Coca-Cola Responds to Tom Brady’s ‘Poison’ Remarks

Before he called Coke 'poison for kids,' Brady was a paid spokesman for a Coca-Cola subsidiary.

tom-brady-smart-water

Image via Lebook.com

In Tom Brady’s revealing 45-minute radio interview yesterday—spawned by our expose of his BFF, guru, and body man Alex Guerrero—Brady took shots at “Western Medicine” and—clear out of the blue—hurled a bomb at junk food and how it’s marketed.

Here’s what Brady told WEEI’s Dennis and Callahan on Monday:

“You’ll probably go out and drink Coca-Cola and think, ‘Oh yeah, that’s no problem.’ Why? Because they pay lots of money for advertisements to think that you should drink Coca-Cola for a living? No, I totally disagree with that. And when people do that, I think that’s quackery. And the fact that they can sell that to kids? I mean, that’s poison for kids. But they keep doing it.”

Newsflash: From 2007 until 2010, Tom Brady was a paid spokesman for the Coca-Cola Company’s Glaceau SmartWater. You may remember the ads. Back in 2007, Brady said of the drink, “It’s a replacement product that’s better for you, whether I’m working out or for the morning when I wake up.”

Asked about Brady’s comments that Coca-Cola is “poison for kids,” the cola behemoth provided the following statement to Boston:

“All of our beverages are safe and can be enjoyed as part of a balanced lifestyle. We offer more than 200 low‐ and no‐calorie beverages in the U.S. and Canada and a wide variety of smaller portion sizes of our regular drinks. As a responsible beverage company and marketer, we prominently provide calorie and sugar information for our beverages so people can choose what makes sense for them and their families.”

Reminder: Brady is the same human who endorsed a product called NeuroSafe, a drink that purported not only to prevent concussions but also to help people recover from traumatic head injuries.

“NeuroSafe makes me feel comfortable that if I get a concusion [sic] I can recover faster and more fully,” Brady was quoted as saying in a product endorsement in 2011.

Another endorsement for NeuroSafe came from Brady teammate Wes Welker, who suffered numerous concussions and is currently out of the league.
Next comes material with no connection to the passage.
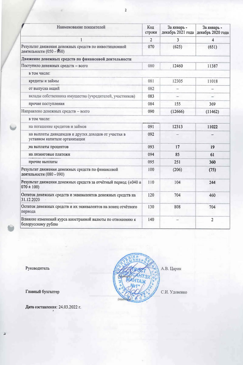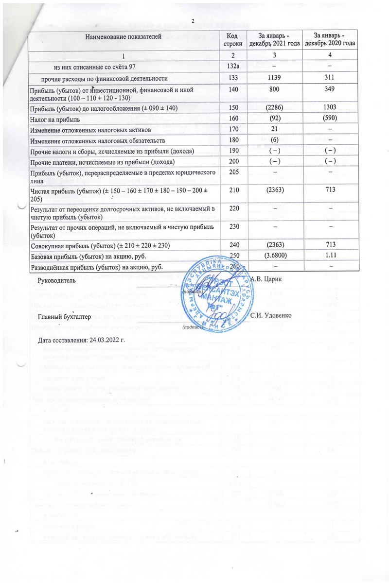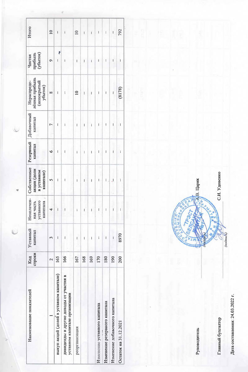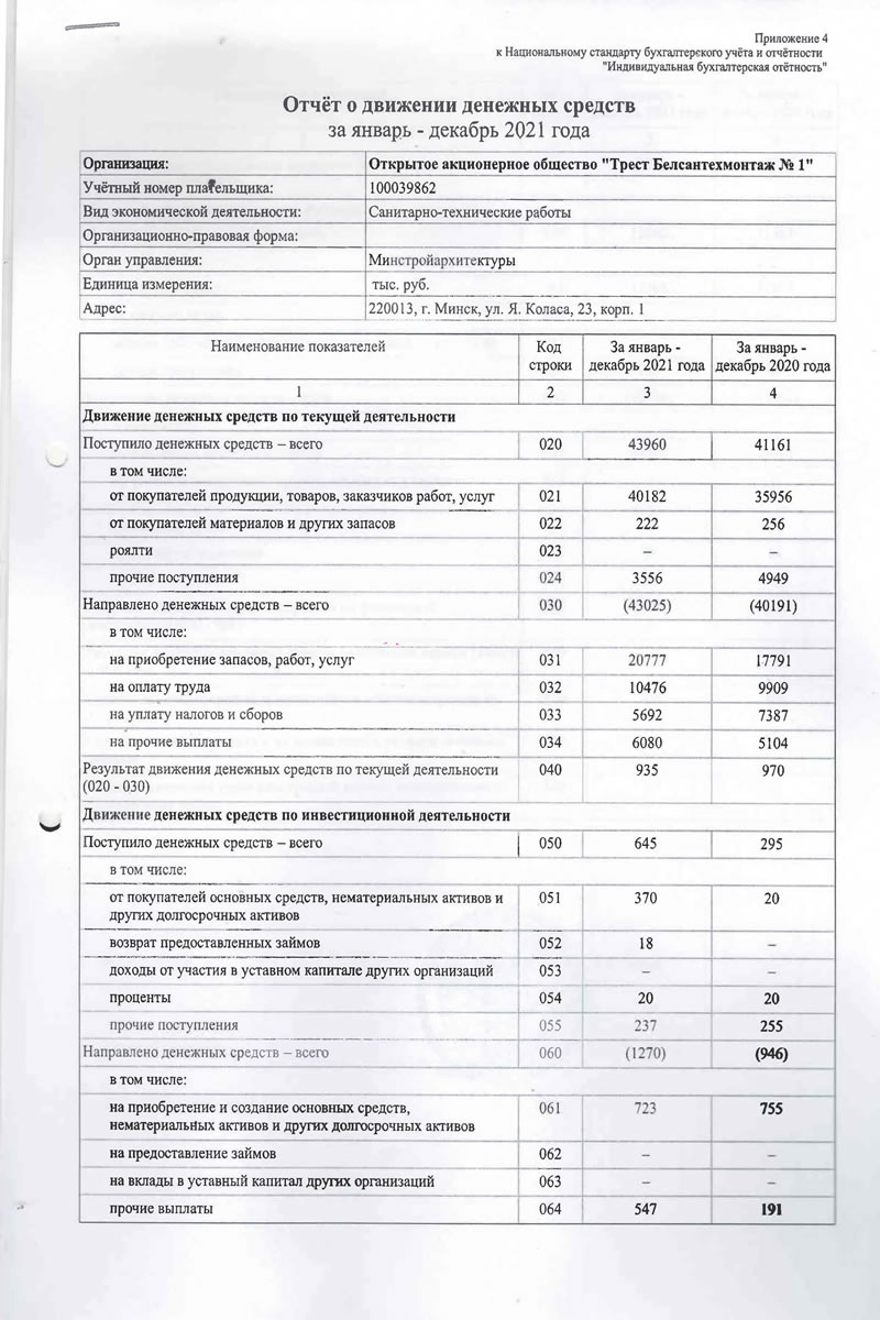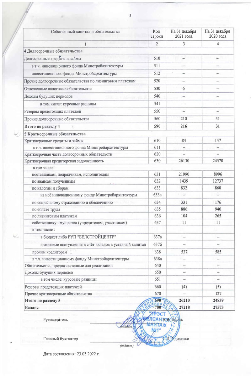 Приложение 1 к Национальному стандарту бухгалтерского учета и отчётности "Индивидуальная бухгалтерская отетностъ" Бухгалтерский баланс на 31 декабря 2021 года Организация: t Учётный номер плательщика: Открытое акционерное общество "Трест Белсантехмонтаж .Vs 1" 100039862 Вид экономической деятельности: Санитарно-технические работы Организационно-правовая форма: Орган управления: Минстройархитектуры Единица измерения: тыс. руб. Адрес: 220013, г. Минск, ул. Я. Коласа, 23, корп. 1 Дата утверждения Дата отправки Дата принятия Активы Код строки На 31 декабря 2021 года На 31 декабря 2020 года 1 2 3 4 1 Долгосрочные активы Основные средства: первоначальная стоимость 101 18220 18943 амортизация 102 12870 13203 остаточная стоимость ПО 5350 5740 из "нее остаточная стоимость ОС, переданных ОАО по договору безвозмездного пользования 110а 360 376 Нематериальные активы: первоначальная стоимость 28 28 амортизация 112 24 22 остаточная стоимость 120 4 6 Доходные вложения в материальные активы первоначальная стоимость 121 98 | 351 амортизация 122 42 214 остаточная стоимость 130 56 137 в том числе: инвестиционная недвижимость 131 56 137 предметы финансовой аренды (лизинга) 132 — прочие доходные вложения в материальные активы 133 — — Вложения в долгосрочные активы 140 478 166 Долгосрочные финансовые вложения . 150 10 10 Отложенные налоговые активы 160 21 — Долгосрочная дебиторская задолженность 170 — — Прочие долгосрочные активы 180 3 2 в том числе: курсовые разницы 181 — - Итого по разделу 1 190 5922 6061 Активы Код строки На 31 декабря 2021 года На 31 декабря 2020 года 1 2 3 4 2 Краткосрочные активы Запасы f 210 6651 7012 в том числе: материалы 211 6050 6325 животные на выращивании и откорме 212 — - незавершенное производство 213 ' 347 286 готовая продукция и товары 214 254 401 товары отгруженные 215 - — прочие запасы 216 — — Долгосрочные активы, предназначенные для реализации 220 — — Расходы будущих периодов 230 - 73 57 в том числе: курсовые разницы 231 — — Налог на добавленную стоимость по приобретенным товарам, работам, услугам 240 245 477 Краткосрочная дебиторская задолженность 250 13310 11578 по налогам и сборам в бюджет 251 250 186 из нее инновационного фонда Минстройархнтсктуры 251а - — инвестиционного фонда Минстройархитектуры 252 — - Краткосрочные финансовые вложения 260 100 — Денежные средства и эквиваленты денежных средств 270 808 704 в т.ч. денежные средства на депозитных счетах 271 - — Прочие краткосрочные активы 280 109 1684 в том числе недостачи и потерн 281 48 627 Итого по разделу 2 290 21296 21512 Баланс 300 27218 27573 Собственный капитал и обязательства Код строки На 31 декабря 2021 года На 31 декабря 2020 года 1 2 3 4 3 Собственный капитал Уставный капитал 410 8970 8970 Неоплаченная часть уставного капитала 420 — — Собственные акции (дол?? в уставном капитале) 430 — - Резервный капитал 440 — — Добавочный капитал 450 — — Нераспределённая прибыль (непокрытый убыток) 460 (8178) (6267) Чистая прибыль (убыток) отчётного периода 470 — - Целевое финансирование 480 — — Итого по разделу 3 490 792 2703 Собственный капитал и обязательства Код строки На 31 декабря 2021 года На 31 декабря 2020 года 1 2 3 4 4 Долгосрочные обязательства Долгосрочные кред&гы и займы 510 — — в т.ч. инновационного фонда Мннстройахитектуры 511 — — инвестиционного фонда Минстройархитектуры 512 - — Прочие долгосрочные обязательства по лизинговым платежам 520 — - Отложенные налоговые обязательства 530 6 — Доходы будущих периодов 540 — — в том числе: курсовые разницы 541 - — Резервы предстоящих платеже
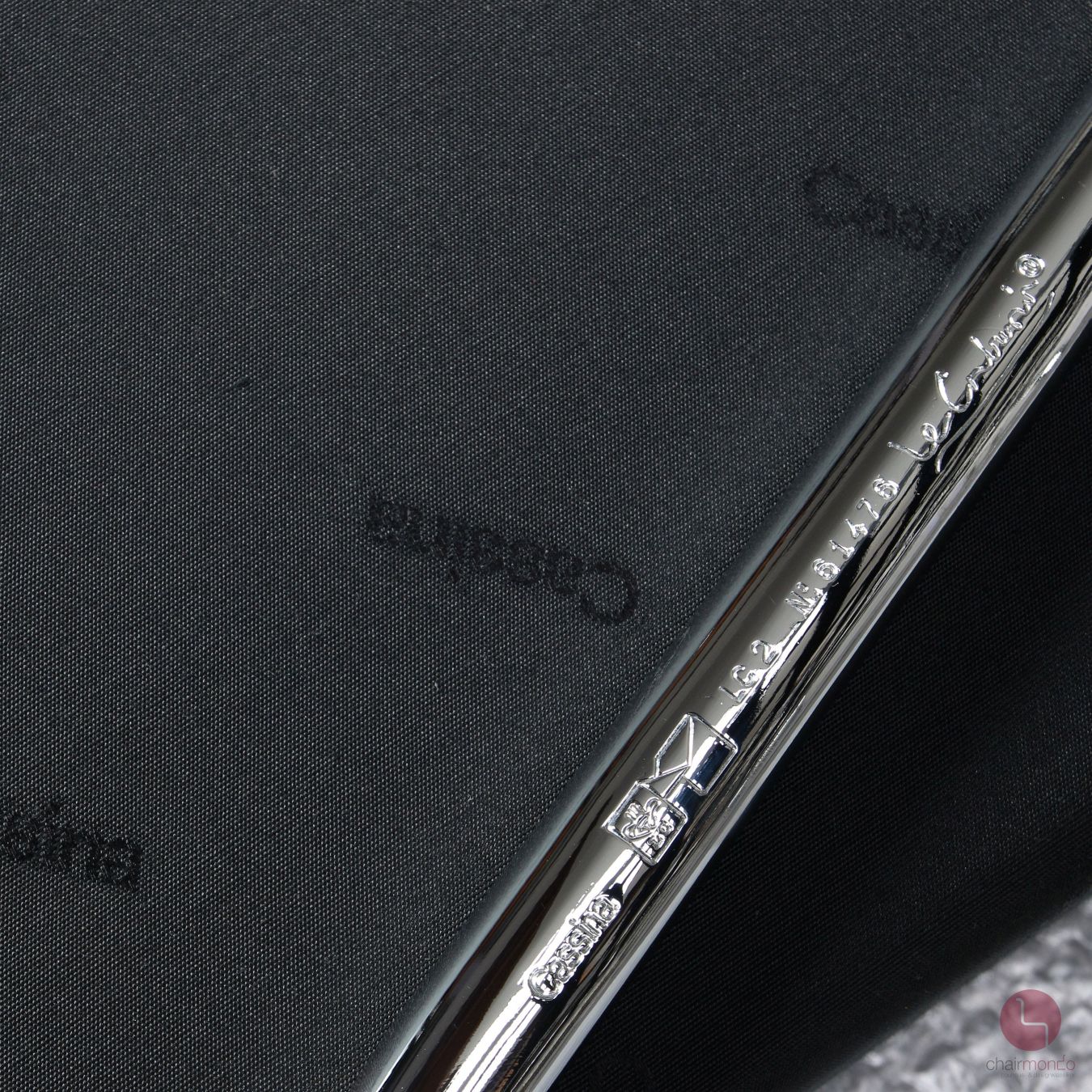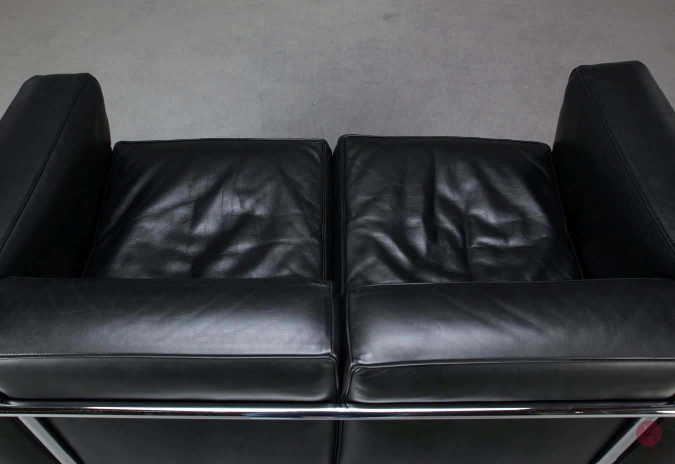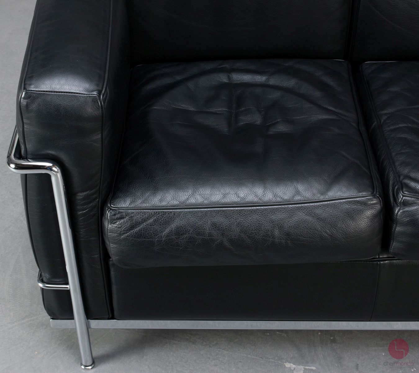 Auf dem verchromten Stahlrohr ist eine Gravur mit folgendem Inhalt vorhanden: Cassina LC 2 No 61476 - anchließend folgt die Unterschrift von Le Corbusier. Auf der Unterseite der Sitzkissen ist jeweils der Cassina Schriftzug vorhanden. Das verchromte Stahlrohr befindet sich in sehr gutem Zustand und glänzt wunderbar!

The FTC investigated NeuroSafe and found no scientific evidence that it prevented or cured concussions. Guerrero, whose company sold and distributed NeuroSafe, shut down the company and agreed to give refunds to anyone who’d purchased it. He’s now Brady’s business partner in TB12 LLC, with a sprawling fitness and nutrition center at Patriots Place that reportedly treats many Patriots players.

For a guy who claims to perform regular brain exercises, Brady sure seems to have a short memory. He lambasts Coca-Cola but conveniently forgets that he used to endorse a Coca-Cola product. And, as Yahoo Sports pointed out in its recap of Brady’s WEEI filibuster on preventative non-Western medicine, he also seems to forget that he is not, in point of fact, utterly invincible.

“It kills me to see all these pitchers having Tommy John surgery, knowing that could be avoided [Brady told WEEI]. Hamstring pulls and groin injuries, so many of these things that I just shake my head and I go, I can’t believe that this still happens in today’s day and age. That’s why Alex and I started TB12, because I felt based on the care that I received over 10 years, this is what my calling will be after football, is to educate people, and what it really takes.”

Tell that to the Patriots, who listed Brady as questionable or probable with shoulder, finger, rib and foot problems for two straight entire seasons in 2009 and 2010. Maybe it took him a little while to acclimate to becoming an immortal under Guerrero’s guidelines, but that wouldn’t explain last year’s “significant” ankle injury during the regular season or the cold Brady suffered from during the Super Bowl week.

Of course there are benefits to a healthy diet, vegetable supplements and a holistic approach to life—and perhaps those things can prevent some injury and disease—but either Brady doesn’t understand how condescending it must sound to players with injuries he shakes his head at and doctors who treat patients that are suffering from the diseases Guerrero claims to have cured, or he just doesn’t care.